For platelet counting, a higher power objective, such as 40x (yielding 400x total magnification), is used. Platelets are counted within the large central square of the Improved Neubauer grid, which is subdivided into 25 smaller medium squares, collectively constituting an area of 1 square millimeter. To prevent double-counting and ensure consistency, only platelets that touch the top and left boundary lines of a square are counted, while those touching the bottom and right lines are excluded. Counting should be performed systematically, often in a serpentine or zig-zag pattern, to cover the entire counting area.

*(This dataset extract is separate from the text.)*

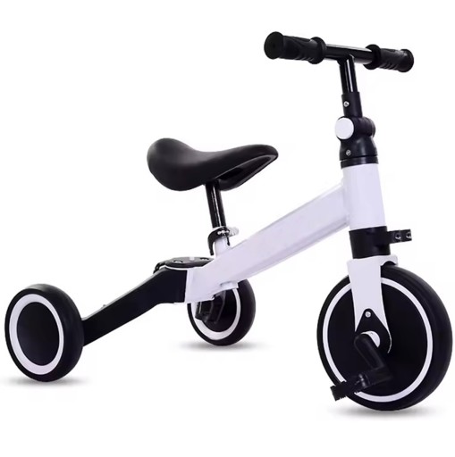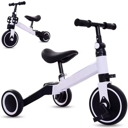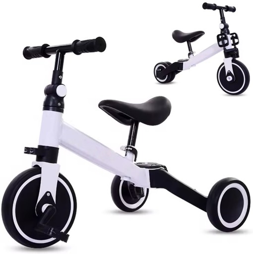 Solidna i uniwersalna konstrukcja, którą można łatwo dostosować do wieku i umiejętności dziecka. Możliwość złożenia tylnych kółek oraz złożenia i rozłożenia tylnych pedałów pozwala łatwo przekształcić rowerek w jeździk. Wygodne, miękkie siodełko posiada regulację wysokości, zaś kierownica została pokryta materiałem antypoślizgowym. Wszystkie koła posiadają warstwę z pianki EVA, która zapobiega rysowaniu powierzchni oraz lekko amortyzuje podczas jazdy. Możliwość błyskawicznego złożenia ramy ułatwia transport i przenoszenie rowerka.

Final Calculation and Interpretation
After counting the platelets within the designated squares of the hemocytometer, the total platelet count per microliter of blood can be determined using a specific formula. The general calculation is: Platelet Count (cells/µL) = (Number of cells counted × Dilution Factor × Depth Factor) / Area Counted (mm²). The depth of the hemocytometer chamber is consistently 0.1 mm, which translates to a depth factor of 10. When counting platelets in the entire central square (1 mm²) with a 1:100 dilution, the formula simplifies to: Number of cells counted × 1000.
For example, if 250 platelets were counted within the 1 mm² area using a 1:100 dilution, the calculation would be 250 × 1000, resulting in a platelet count of 250,000 platelets per microliter. This calculation provides the estimated concentration of platelets in the original blood sample.
For adults, a normal platelet count typically falls within the range of 150,000 to 450,000 platelets per microliter of blood. Counts outside this range, whether lower or higher, may suggest underlying medical conditions and prompt further diagnostic evaluation by a healthcare professional. While manual counts are valuable, particularly for confirming automated results or in resource-limited settings, they are susceptible to errors such as misidentifying debris as platelets or inaccuracies due to platelet clumping.